Nach Abzug der Schießgase betrachten die Hauer ihr Werk.
"Genau so habe ich es erwartet", murmelt Manfred wie im Selbstgespräch. "Siehst du an der Firste das kleine Loch?" wendet er sich an seinen Gesellen. "Komm, Horst, wir müssen es vergrößern und die Gegenpartie begrüßen."
Kaum haben sie den Durchschlag erweitert, tauchen Gerhard und Siegfried, die Mannschaft vom Gegenort, auf. Allgemeines Hallo und Händeschütteln. Dann wechseln beide Mannschaften schnell durch das entstandene Loch die Plätze und verdecken es wieder mit Kohlebrocken. Horst und Manfred warten auf Wolfgang, den Holztransporteur. Nach einem Weg über die 160-Fußstrecke, Kohlebunker, Querschlag, Blindschacht 42 und 160-Kopfstrecke trifft dieser im Gegenort ein. Verwirrt und ungläubig starrt er Manfred und Horst an, die er vor 30 Minuten verlassen hat!


"Das gibt's doch gar nicht - wo sind denn Gerhard und Siegfried?" "Na, was guckste denn so dumm aus der Wäsche? Haste die Bausenkel mitgebracht?" fragt Horst betont scharf. "Nein ... ich ... wieso ...", stammelt Wolfgang. "Also warste noch gar nicht im Gegenort? Hast dich wohl verlaufen? Das ist uns früher auch mal passiert!" Die beiden Hauer blicken sich verständnisvoll an. "Mach dich nochmal auf die Socken, aber verlauf dich nicht wieder!" Wolfgang macht sich kopfschüttelnd auf den Weg. Schmunzelnd wechseln die vier Hauer wieder durch das Loch ihren Arbeitsort. Nach 30 Minuten erscheint Wolfgang erneut. Je näher er den zwei schaufelnden Hauern kommt, um so langsamer wird sein Schritt. "Mein Gott", ruft er, "das seid doch wieder ihr!" Fassungslos sinkt er auf einen Holzabschnitt und greift sich an den Kopf. "Wo sind denn nun die Bausenkel, du warst doch schon zweimal auf Achse?" fragt Manfred ungehalten. "Ich versteh das alles nicht mehr", jammert Wolfgang. "Ich bin doch den richtigen Weg gelaufen!" "Das kann nicht sein", belehrt ihn Horst, "sonst wärst du ja nicht wieder hier gelandet! Bist du im Blindschacht 42 gefahren oder geklettert?" "Wegen Havarie mußte ich die Fahrten nehmen", murmelt er wie ein gebrochener Mann. "Vielleicht haste die Sohlen verwechselt?" Stumm schüttelt Wolfgang den Kopf. Ihm ist das alles unbegreiflich! Manfred faßt ihn an der Schulter. "Wolfgang, da mußte durch! Wir beschreiben dir den Weg genau, und dann gehste ihn nochmal. Im Schacht gibt's doch keine unerklärlichen Dinge!" Wolfgang erhebt sich mühsam und wandelt wie im Traum davon. Die beiden Hauer öffnen wieder das Loch und klettern zu Gerhard und Siegfried. "Wir müssen das Schauspiel beenden", erklärt Horst den beiden, "der Wolfgang dreht sonst noch durch. Wir bleiben hier zusammen, bis er kommt."

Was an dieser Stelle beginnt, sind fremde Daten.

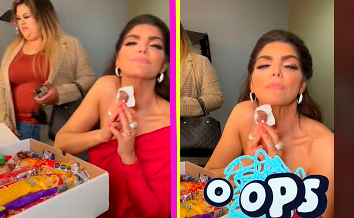 En el video se ve a Ana Bárbara agradeciendo a una fan por haberle regalado una enorme caja repleta de dulces. El clip, que dura muy pocos segundos, se observa que la cantante trata de sostener el vestido cuando éste está resbalando por sus hombros.

Am Blindschacht 42 läuft Wolfgang dem Steiger in die Hände und wird gefragt, was er denn hier zu suchen habe. Mit zitternder Stimme und fahrigen Handbewegungen schildert der Holzschlepper die Rätsel der letzten Stunde. Dem Steiger ist sofort klar, was hier gespielt wird. "Komm", sagt er, "ich gehe mit in die Auffahrung", verrät aber mit keinem Wort, was er ahnt. Als sie die vier Hauer erreicht haben, ist es für Augenblicke still. Bei Wolfgang beginnt es zu dämmern.

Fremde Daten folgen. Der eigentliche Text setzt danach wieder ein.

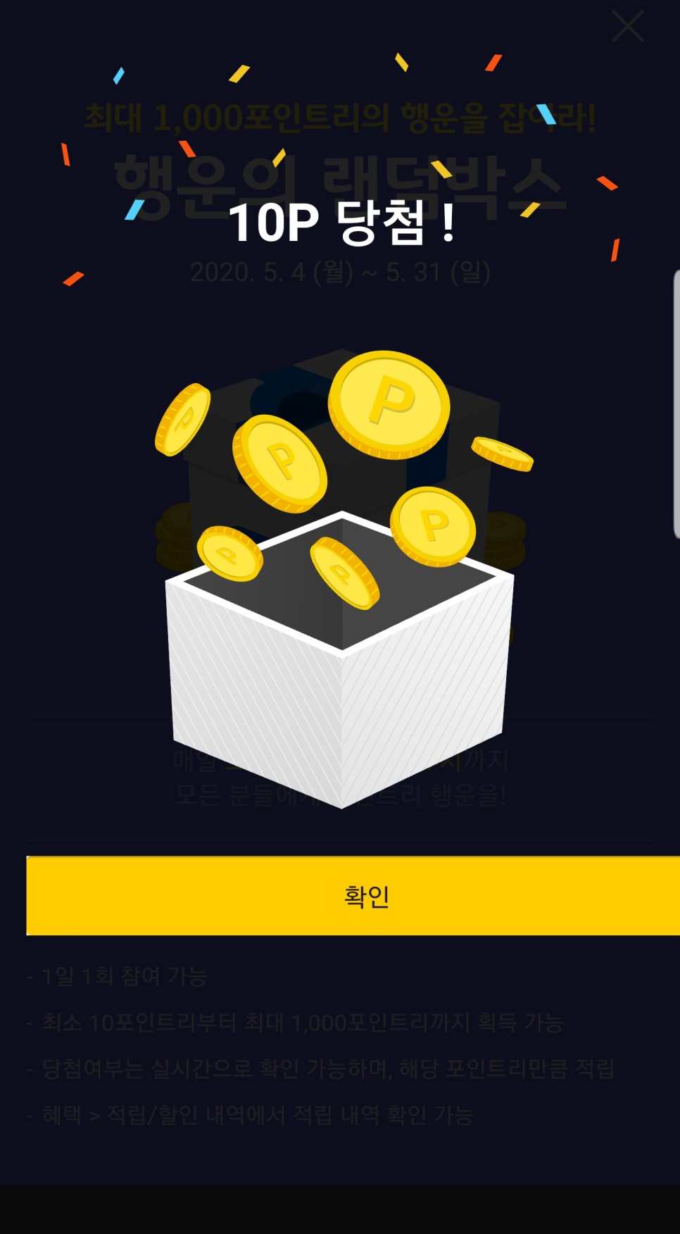 행운의 랜덤박스 적립 이벤트입니다.

"Gratuliere zum präzisen Durchbruch", überbrückt der Steiger die etwas betretene Situation. Das nun ausbrechende Gelächter hört sich an wie eine Entschuldigung.
Wolfgang zählt noch heute diese Schicht zu den unvergeßlichen Begebenheiten seines langen Bergmannslebens.